** Opening PROVIDED ENTRIES block **

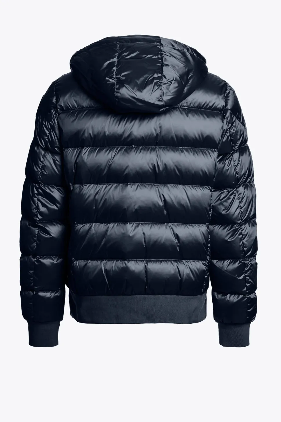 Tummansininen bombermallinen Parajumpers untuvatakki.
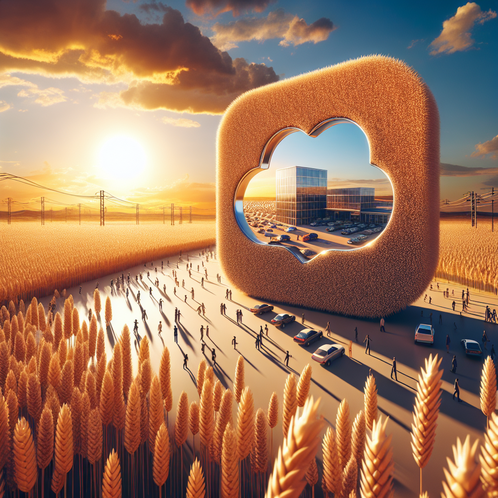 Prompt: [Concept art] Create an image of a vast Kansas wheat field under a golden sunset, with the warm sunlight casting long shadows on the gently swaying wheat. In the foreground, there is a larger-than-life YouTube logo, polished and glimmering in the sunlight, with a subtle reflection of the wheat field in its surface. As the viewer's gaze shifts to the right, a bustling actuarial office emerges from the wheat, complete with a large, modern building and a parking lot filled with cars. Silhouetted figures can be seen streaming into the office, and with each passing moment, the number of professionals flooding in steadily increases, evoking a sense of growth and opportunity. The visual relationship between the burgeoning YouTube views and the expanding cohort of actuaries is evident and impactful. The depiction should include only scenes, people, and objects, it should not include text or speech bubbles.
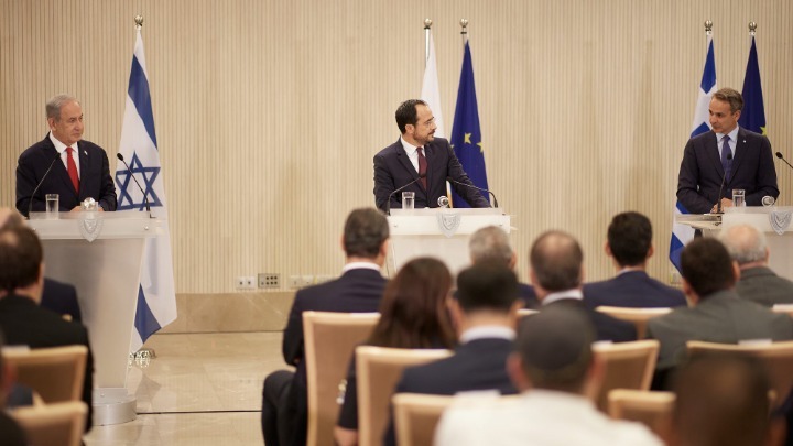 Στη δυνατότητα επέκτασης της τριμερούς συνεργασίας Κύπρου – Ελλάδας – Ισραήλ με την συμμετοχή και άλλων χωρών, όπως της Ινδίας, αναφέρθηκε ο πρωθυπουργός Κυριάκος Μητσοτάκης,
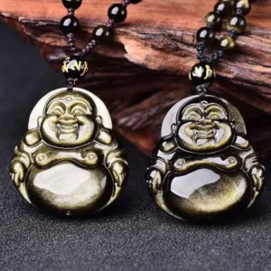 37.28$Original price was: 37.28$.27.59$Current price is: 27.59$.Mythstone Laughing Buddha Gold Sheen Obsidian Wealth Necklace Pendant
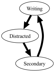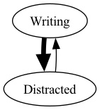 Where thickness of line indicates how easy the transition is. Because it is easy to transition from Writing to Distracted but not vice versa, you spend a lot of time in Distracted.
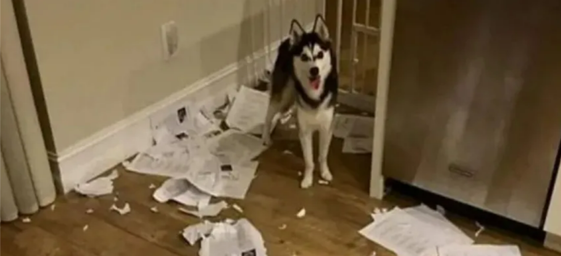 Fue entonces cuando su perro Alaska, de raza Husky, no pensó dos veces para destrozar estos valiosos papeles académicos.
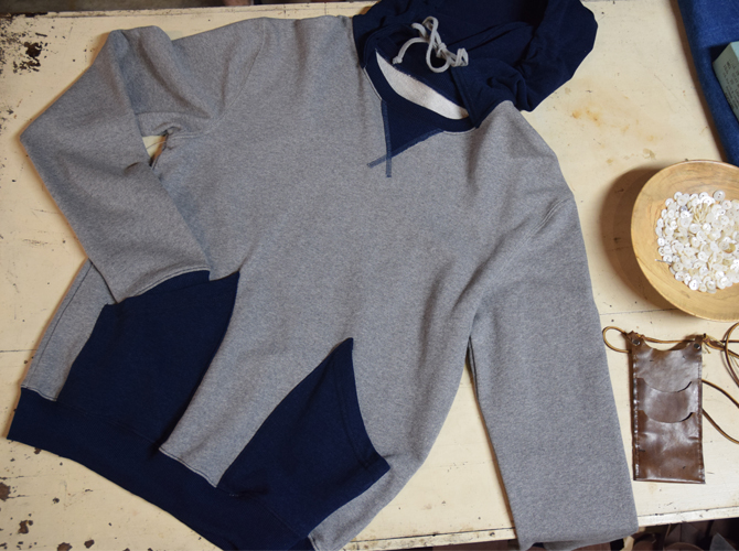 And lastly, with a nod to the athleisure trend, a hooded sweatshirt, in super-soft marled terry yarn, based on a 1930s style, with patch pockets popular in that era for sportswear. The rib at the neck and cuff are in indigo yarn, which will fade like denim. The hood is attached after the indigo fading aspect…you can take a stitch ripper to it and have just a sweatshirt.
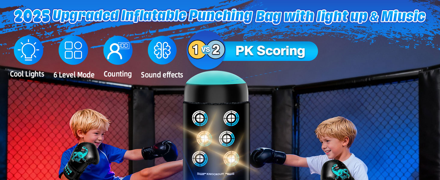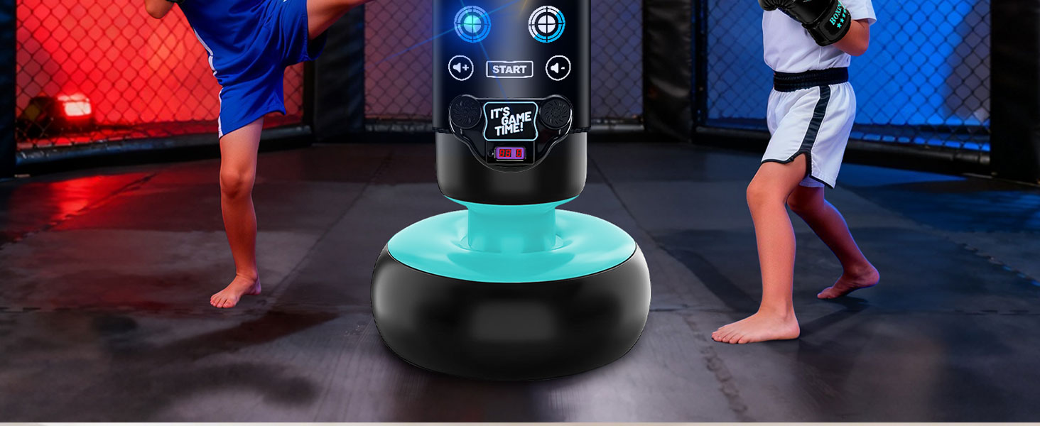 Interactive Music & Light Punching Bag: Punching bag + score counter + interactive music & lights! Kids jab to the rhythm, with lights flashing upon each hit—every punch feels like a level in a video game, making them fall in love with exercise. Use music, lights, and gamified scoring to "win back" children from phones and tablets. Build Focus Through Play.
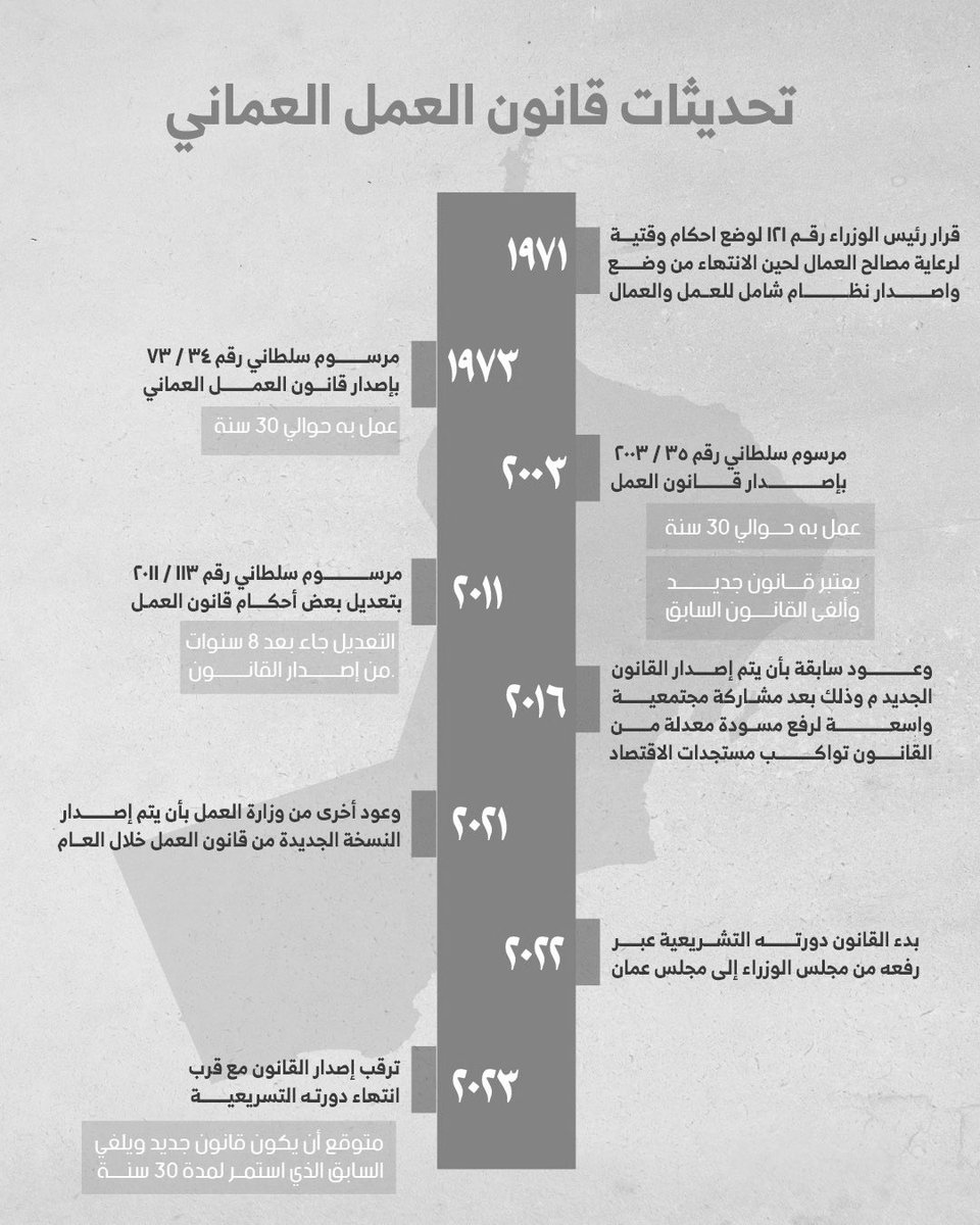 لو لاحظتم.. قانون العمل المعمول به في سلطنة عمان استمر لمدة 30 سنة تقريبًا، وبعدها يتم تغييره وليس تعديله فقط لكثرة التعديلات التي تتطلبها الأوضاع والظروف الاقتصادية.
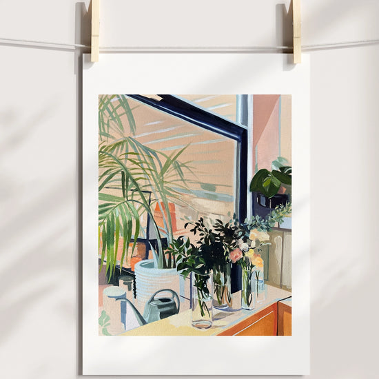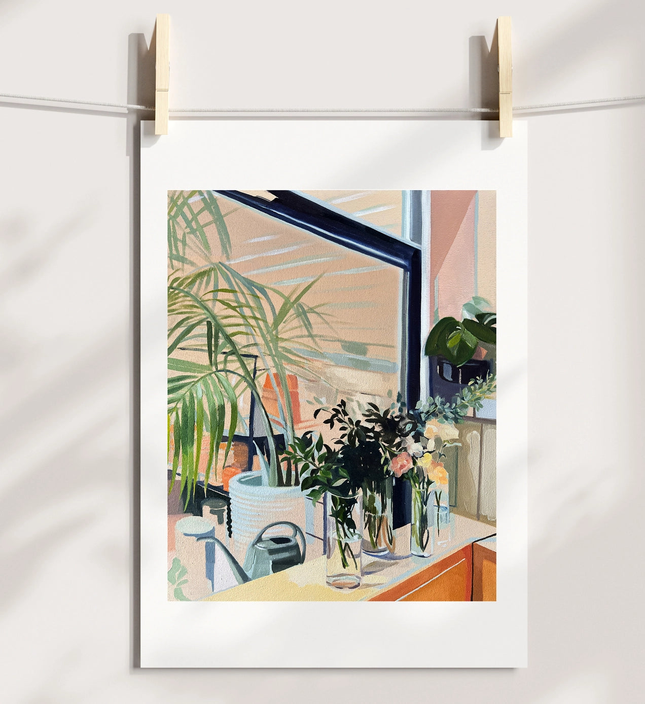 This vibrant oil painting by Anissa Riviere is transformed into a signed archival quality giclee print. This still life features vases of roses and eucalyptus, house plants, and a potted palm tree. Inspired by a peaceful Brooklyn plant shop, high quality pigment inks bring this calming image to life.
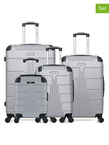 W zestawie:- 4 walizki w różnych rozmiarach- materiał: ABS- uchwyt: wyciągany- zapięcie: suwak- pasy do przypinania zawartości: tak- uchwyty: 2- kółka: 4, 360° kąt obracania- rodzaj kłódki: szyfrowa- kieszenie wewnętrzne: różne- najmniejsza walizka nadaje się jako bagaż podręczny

** Closing PROVIDED ENTRIES block **

All records above should be duplicated exactly, with the pictures omitted.

 Tummansininen bombermallinen Parajumpers untuvatakki.
 Prompt: [Concept art] Create an image of a vast Kansas wheat field under a golden sunset, with the warm sunlight casting long shadows on the gently swaying wheat. In the foreground, there is a larger-than-life YouTube logo, polished and glimmering in the sunlight, with a subtle reflection of the wheat field in its surface. As the viewer's gaze shifts to the right, a bustling actuarial office emerges from the wheat, complete with a large, modern building and a parking lot filled with cars. Silhouetted figures can be seen streaming into the office, and with each passing moment, the number of professionals flooding in steadily increases, evoking a sense of growth and opportunity. The visual relationship between the burgeoning YouTube views and the expanding cohort of actuaries is evident and impactful. The depiction should include only scenes, people, and objects, it should not include text or speech bubbles.
 Στη δυνατότητα επέκτασης της τριμερούς συνεργασίας Κύπρου – Ελλάδας – Ισραήλ με την συμμετοχή και άλλων χωρών, όπως της Ινδίας, αναφέρθηκε ο πρωθυπουργός Κυριάκος Μητσοτάκης,
 37.28$Original price was: 37.28$.27.59$Current price is: 27.59$.Mythstone Laughing Buddha Gold Sheen Obsidian Wealth Necklace Pendant
 Where thickness of line indicates how easy the transition is. Because it is easy to transition from Writing to Distracted but not vice versa, you spend a lot of time in Distracted.
 Fue entonces cuando su perro Alaska, de raza Husky, no pensó dos veces para destrozar estos valiosos papeles académicos.
 And lastly, with a nod to the athleisure trend, a hooded sweatshirt, in super-soft marled terry yarn, based on a 1930s style, with patch pockets popular in that era for sportswear. The rib at the neck and cuff are in indigo yarn, which will fade like denim. The hood is attached after the indigo fading aspect…you can take a stitch ripper to it and have just a sweatshirt.
 Interactive Music & Light Punching Bag: Punching bag + score counter + interactive music & lights! Kids jab to the rhythm, with lights flashing upon each hit—every punch feels like a level in a video game, making them fall in love with exercise. Use music, lights, and gamified scoring to "win back" children from phones and tablets. Build Focus Through Play.
 لو لاحظتم.. قانون العمل المعمول به في سلطنة عمان استمر لمدة 30 سنة تقريبًا، وبعدها يتم تغييره وليس تعديله فقط لكثرة التعديلات التي تتطلبها الأوضاع والظروف الاقتصادية.
 This vibrant oil painting by Anissa Riviere is transformed into a signed archival quality giclee print. This still life features vases of roses and eucalyptus, house plants, and a potted palm tree. Inspired by a peaceful Brooklyn plant shop, high quality pigment inks bring this calming image to life.
 W zestawie:- 4 walizki w różnych rozmiarach- materiał: ABS- uchwyt: wyciągany- zapięcie: suwak- pasy do przypinania zawartości: tak- uchwyty: 2- kółka: 4, 360° kąt obracania- rodzaj kłódki: szyfrowa- kieszenie wewnętrzne: różne- najmniejsza walizka nadaje się jako bagaż podręczny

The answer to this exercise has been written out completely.